-- Opening Marker --

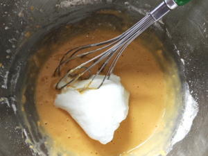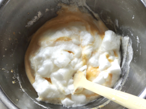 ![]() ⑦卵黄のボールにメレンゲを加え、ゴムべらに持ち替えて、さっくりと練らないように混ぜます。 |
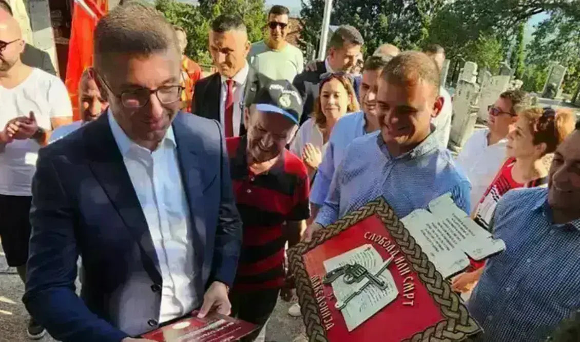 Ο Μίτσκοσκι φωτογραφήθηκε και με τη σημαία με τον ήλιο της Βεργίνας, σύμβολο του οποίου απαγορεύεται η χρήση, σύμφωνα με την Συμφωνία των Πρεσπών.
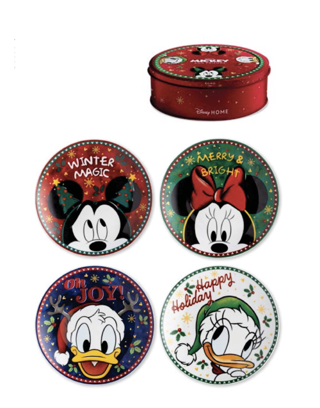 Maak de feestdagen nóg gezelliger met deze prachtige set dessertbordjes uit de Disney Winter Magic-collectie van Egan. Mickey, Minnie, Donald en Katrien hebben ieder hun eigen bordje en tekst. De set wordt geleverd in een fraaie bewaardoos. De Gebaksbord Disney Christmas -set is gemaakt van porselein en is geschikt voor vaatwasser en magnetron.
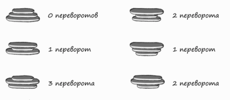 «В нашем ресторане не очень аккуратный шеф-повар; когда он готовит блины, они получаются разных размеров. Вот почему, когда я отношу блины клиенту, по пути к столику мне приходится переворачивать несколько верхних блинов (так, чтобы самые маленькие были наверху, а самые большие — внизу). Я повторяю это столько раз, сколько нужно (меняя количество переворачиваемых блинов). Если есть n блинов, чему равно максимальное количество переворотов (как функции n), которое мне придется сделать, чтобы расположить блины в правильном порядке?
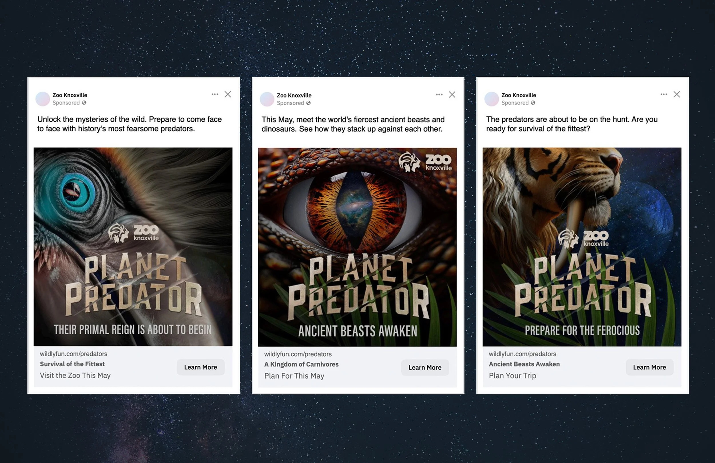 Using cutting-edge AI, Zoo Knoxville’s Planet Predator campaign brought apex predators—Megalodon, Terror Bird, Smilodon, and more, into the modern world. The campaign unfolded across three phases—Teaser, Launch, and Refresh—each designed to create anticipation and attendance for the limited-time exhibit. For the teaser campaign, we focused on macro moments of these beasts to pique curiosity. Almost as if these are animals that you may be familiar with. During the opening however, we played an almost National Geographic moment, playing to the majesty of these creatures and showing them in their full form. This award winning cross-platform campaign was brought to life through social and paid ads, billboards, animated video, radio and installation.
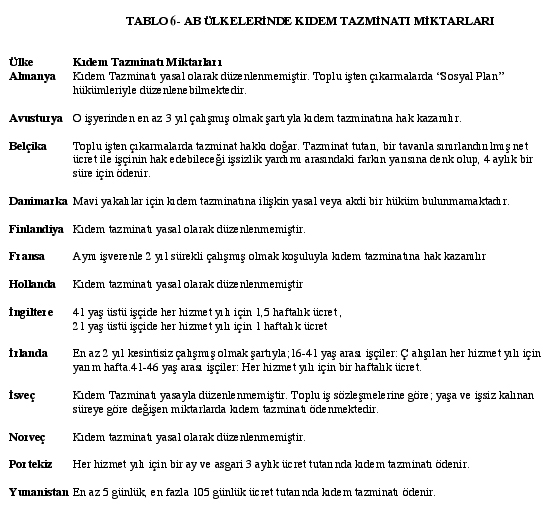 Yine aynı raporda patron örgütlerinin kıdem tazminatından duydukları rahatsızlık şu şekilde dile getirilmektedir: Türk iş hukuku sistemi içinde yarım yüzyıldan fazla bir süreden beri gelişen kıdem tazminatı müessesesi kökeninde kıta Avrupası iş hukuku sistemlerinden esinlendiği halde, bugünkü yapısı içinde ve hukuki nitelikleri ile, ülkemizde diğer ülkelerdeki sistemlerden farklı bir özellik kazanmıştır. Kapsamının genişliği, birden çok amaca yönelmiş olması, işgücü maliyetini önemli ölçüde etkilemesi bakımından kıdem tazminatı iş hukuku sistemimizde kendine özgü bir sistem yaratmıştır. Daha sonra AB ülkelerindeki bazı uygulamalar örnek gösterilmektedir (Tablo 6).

-- Closing Marker --
-- Opening Marker --

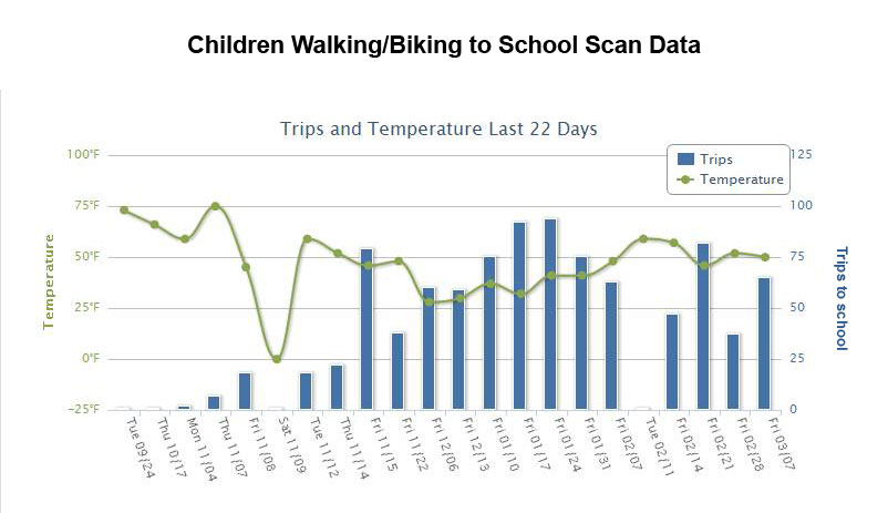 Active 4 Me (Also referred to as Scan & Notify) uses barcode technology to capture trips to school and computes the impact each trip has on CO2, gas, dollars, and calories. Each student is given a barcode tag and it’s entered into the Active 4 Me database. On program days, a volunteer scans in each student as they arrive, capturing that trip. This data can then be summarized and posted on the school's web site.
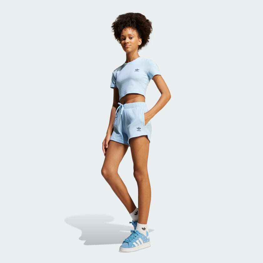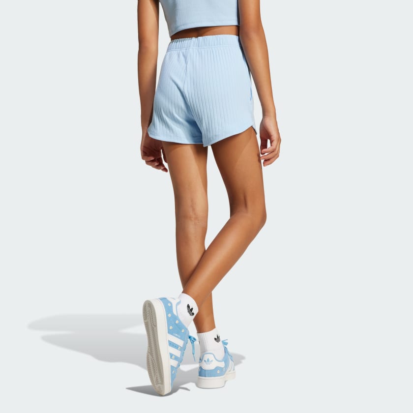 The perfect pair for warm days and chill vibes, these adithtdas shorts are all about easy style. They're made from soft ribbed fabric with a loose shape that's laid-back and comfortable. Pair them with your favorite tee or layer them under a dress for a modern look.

-- Closing Marker --
-- Opening Marker --

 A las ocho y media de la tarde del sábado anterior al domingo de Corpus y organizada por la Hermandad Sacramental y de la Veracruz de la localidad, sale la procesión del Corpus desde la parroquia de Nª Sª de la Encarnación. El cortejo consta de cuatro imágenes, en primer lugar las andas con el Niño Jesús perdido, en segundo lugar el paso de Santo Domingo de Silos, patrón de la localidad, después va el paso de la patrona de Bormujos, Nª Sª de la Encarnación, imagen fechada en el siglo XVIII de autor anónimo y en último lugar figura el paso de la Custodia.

-- Closing Marker --

- **Work to complete**
Your answer should be the exact lines above from the one containing "Maak de feestdagen" through the one containing "в правильном порядке?", with both end lines kept and the pictures removed, please.

- **Finished task**
 Maak de feestdagen nóg gezelliger met deze prachtige set dessertbordjes uit de Disney Winter Magic-collectie van Egan. Mickey, Minnie, Donald en Katrien hebben ieder hun eigen bordje en tekst. De set wordt geleverd in een fraaie bewaardoos. De Gebaksbord Disney Christmas -set is gemaakt van porselein en is geschikt voor vaatwasser en magnetron.
 «В нашем ресторане не очень аккуратный шеф-повар; когда он готовит блины, они получаются разных размеров. Вот почему, когда я отношу блины клиенту, по пути к столику мне приходится переворачивать несколько верхних блинов (так, чтобы самые маленькие были наверху, а самые большие — внизу). Я повторяю это столько раз, сколько нужно (меняя количество переворачиваемых блинов). Если есть n блинов, чему равно максимальное количество переворотов (как функции n), которое мне придется сделать, чтобы расположить блины в правильном порядке?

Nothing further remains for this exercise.